*** Supplied information Section Begins ***

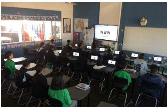
What Went Well #1: Our Chromebooks make it so much easier to learn! We can research, share work and help each other, as well as sit tests and submit our finished work. We love them!
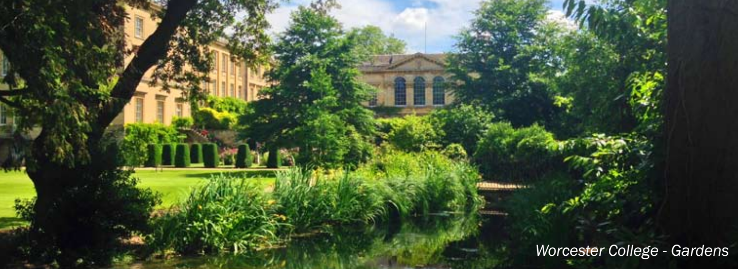
Worcester College - Gardens
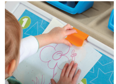
Design and colors may vary

*** Supplied information Section Ends ***

What to work on — With images omitted, output the data exactly as given.

Answer below —
What Went Well #1: Our Chromebooks make it so much easier to learn! We can research, share work and help each other, as well as sit tests and submit our finished work. We love them!
Worcester College - Gardens
Design and colors may vary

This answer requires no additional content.